To address plastic waste, the 3Rs (reuse, reduce, recycle) have become the most popular approach. Reusing involves repeatedly using plastic products, reducing refers to limiting the usage or acquisition of plastic products, especially single-use items, while recycling involves repurposing products that have lost their economic value through physical, chemical, or both processes so that they can be used or traded once more [9, 10]. To facilitate identification, recyclable plastic types are marked with numbers, as shown in Figure 1.
Figure 1. Plastic code number [11]
Numerous domestic and international research has been conducted on the inclusion of plastic waste in asphalt mixtures. Researchers have investigated the impact of recycled plastic bottles, specifically PET, on asphalt concrete in flexible pavements [12]. Other studies have highlighted the economic and environmental benefits of incorporating PET plastic waste into asphalt concrete compositions, leading to improvements in Marshall's qualities [13]. Additionally, the response surface methodology has been used to assess the effects of applied stress and temperature on the fatigue life of a modified PET asphalt mixture [14]. Stone mastic asphalt (SMA) mixtures incorporating PET waste have also been studied, showing significant improvements in the mixture's stiffness and resistance to permanent deformation (groove) [15, 16].
Temperature is a critical factor in the quality of hot mix asphalt, and the visco-elastic property of the asphalt material impacts the properties of the asphalt layer, resulting in a decrease in the layer's modulus of elasticity as temperature rises [17]. Pyrolysis, a technology that allows combustion without involving oxygen in the combustion process, is an alternative method for obtaining hydrocarbon energy sources [18]. Waste materials, including plastics, have been increasingly used in asphalt mixtures as part of a sustainable approach to pavement construction. The pyrolysis process can break down the chemical bonds in plastic polymers into hydrocarbon monomers, which can then be used as an energy source. However, the success of the pyrolysis process depends on various factors, including flow velocity, temperature, and catalysts [19].
This study aims to blend two types of plastic, namely polyethylene terephthalate and polypropylene, to establish compositional correlations and correlate structural and chemical qualities with electromagnetic wave absorption performance. The pyrolysis conditions were set to 5 min at a frequency of 5 Hz in the laboratory, and the ratio of plastics used was 1:1 (polyethylene terephthalate and polypropylene). The study is based on the observation that PET plastic melts at 260°C while PP melts at 160°C, and the goal is to determine the temperature at which these two types of plastic can fuse. The two types of plastic will be blended together in the AC-WC mixture as a combination of polyethylene terephthalate and polypropylene.

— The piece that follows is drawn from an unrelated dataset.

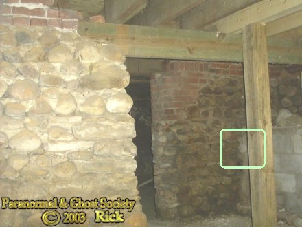 However we pushed on and entered the basement. You really do not get an idea how old this place is till you get inside the basement area. When we walked down the wooden steps into the archway down into the basement I felt something go through me my hair was even blowing and my hairs on my arm stood up then 2 seconds later it rushed past mark and shot up the basement steps. Then at this point I knew something was here in this depot. The basement bothered me alot and it was very strange. There was a door made out of old wood locked from the inside, 3 other rooms all made of rocks and cobble stone with wooden supports running along the edges of the walls.Their was a room particulary at the end of one of the halls I felt watched from. We did not overstay our welcome but we managed to take some photos then head back upstairs. Now that we were back upstairs we started to feel certain cold spots in various areas.

2.1 Difference between polyethylene terephthalate and polypropylene
A technique known as polymerization is used to create the type of macromolecule known as plastic. Thermoplastic and thermosetting plastics can be divided into two categories [20]. A plastic substance known as a thermoplastics melts at a specific temperature and may be reshaped into the desired shape. A material known as thermosetting, on the other hand, can only be melted once and then solidified again [11]. Thermoplastic is a type of plastic that enables recycling based on the characteristics of the two plastic groups mentioned above.

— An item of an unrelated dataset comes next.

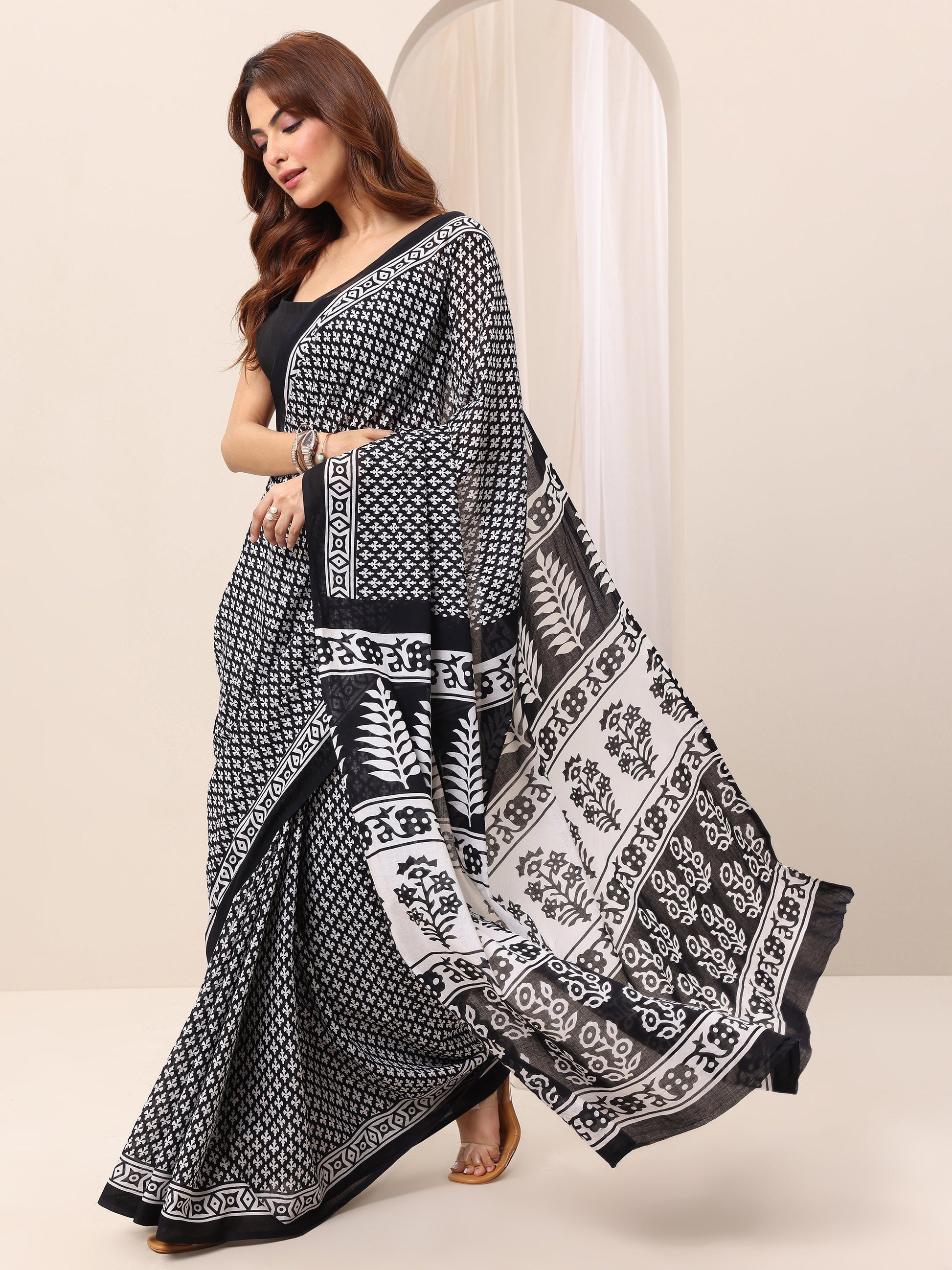 Our Black printed Cotton saree features captivating Ethnic motifs print. Complemented with a Blouse Piece. This charming saree is perfect for Casual occasions.

In the production and recycling of plastics, understanding the thermal characteristics of various types of plastic is crucial. Melting point (Tm), transition temperature (Tg), and decomposition temperature are crucial thermal parameters [21]. The temperature at which structural stretching of the plastic occurs, changing its state from hard to more flexible, is known as the transition temperature. The plastic expands in volume above the melting point, allowing the molecules to move more freely and increasing the plastic's flexibility. The temperature at which plastic starts to soften and turn into a liquid is known as the melting temperature. The liquefaction process is restricted by the decomposition temperature. The structure will disintegrate and the plastic will flow easily if the temperature is raised over the melting point. Decomposition happens when the thermal energy is greater than the molecule chains' binding energy. Decomposition of polymers often occurs at temperatures exceeding 1.5 times the transition temperature [22, 23]. Figure 2 and Table 1 display the various polyethylene therepthalate and polypropylene plastic varieties.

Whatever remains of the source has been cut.